Colombian pop singer, Manuel Medrano, made a heavy claim a few days ago. He sent out a tweet in Spanish, which has stirred up a lot of emotions. He stated that J Balvin had transformed reggaeton. His complete tweet translates to the following:
“If J Balvin hadn’t transformed reggaeton at the time, that genre would have ended a while ago, that man is the true boss of that music today.”
Almost immediately, people started to come after him for making such claims. For example, Twitter user @tocamimadera said that his tweet was disrespectful to “Puerto Ricans artists who live and create reggaeton.”
They continued, “Puerto Rico is the center and cradle of reggaeton and J Balvin (a foreigner who makes pop music) does not dictate the success of our art.”
Esto es una falta de respeto a todos los artistas boricuas que vivimos y creamos reggaeton porque es nuestra herencia cultural y nos rodea día a día. Puerto Rico es el centro y la cuna del reggaeton y JBalvin (un extranjero que hace música pop) no dicta el éxito de nuestro arte
— Ana Fockin' Macho! (@tocamimadera) January 15, 2023
On the other hand, Twitter user @eljadeanteed said sent out a tweet somewhat agreeing with Medrano. (The tweet has been roughly translated from Spanish.)
“You are partly right, brother. With the Trap era, Reggaeton declined a lot and it was J Balvin who brought perreo to the streets and that was when he began to have his greatest moment! J Balvin brought many things to the game, he helped the industry.”
En parte tienes razón hermano. Cuando la época del Trap el Reggaeton decayó mucho y fue J Balvin sacando Reggaeton que trajo perreo para la calle y fue cuando empezó a tener su mayor momento! J Balvin trajo muchas cosas al juego, ayudo a la industria.
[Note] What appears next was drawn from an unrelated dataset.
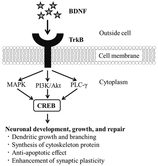 Brain-derived neurotrophic factor (BDNF) is a key molecule expressed in the central nervous system and intestines of humans and rodents and is involved in plastic changes related to learning and memory [18]. Changes in BDNF protein expression are associated with the onset of neurodegenerative diseases, such as dementia. BDNF promotes neuronal formation and growth mainly by binding to tropomyosin receptor kinase B (TrkB), a specific receptor on target cell surfaces, leading to TrkB autophosphorylation and activation of signaling molecules such as cAMP response element-binding protein (CREB) (BDNF–TrkB–CREB signaling pathway, Figure 1) [19]. Many studies on the beneficial effects of foods on memory impairment using animal models, such as AD models, have evaluated their association with BDNF signaling pathway activation, that is, BDNF protein expression, pTrkB/TrkB ratio, and pCREB/CREB ratio [20,21,22]. Since BDNF expression is decreased in the hippocampal and temporal lobes of patients with AD or AD model rats, measuring BDNF, TrkB, and CREB expression levels may be useful for assessing AD progression [23,24].
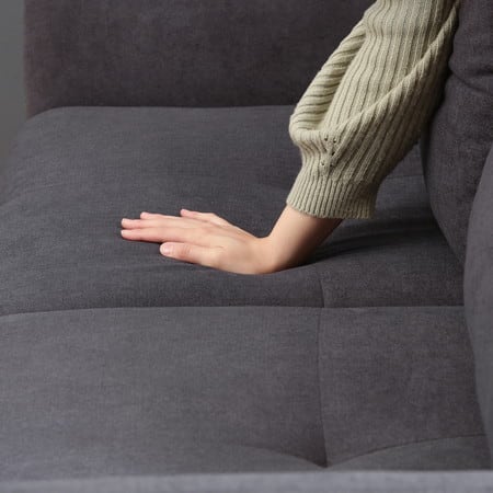 背もたれを奥にすると、最大幅138×奥行82cmのゆったりとした座面に!横になってリラックスできます。ソファ裏にはロータイプ用の補助脚付き。高い脚を取り外して、ローソファとしても使えます。沈み込みすぎないほどよい硬さで、快適な座り心地です。座面下は17cmあり、柄の長い掃除用品やロボット掃除機も通れます。埃が溜まりやすいソファの下を綺麗に保つことができます。

— ᴰᴵᴱᴳᴼ (@eljadeanteed) January 15, 2023
Shortly after, Medrano tweeted a response to the massive criticism he was receiving from his original tweet. “The sheep of hate are the most manipulable humans in the world, obviously this tweet was for you. Welcome to your eternity, you will never get here… I don’t see a single interesting person who is commenting something negatively… Keep drowning in your own flames.”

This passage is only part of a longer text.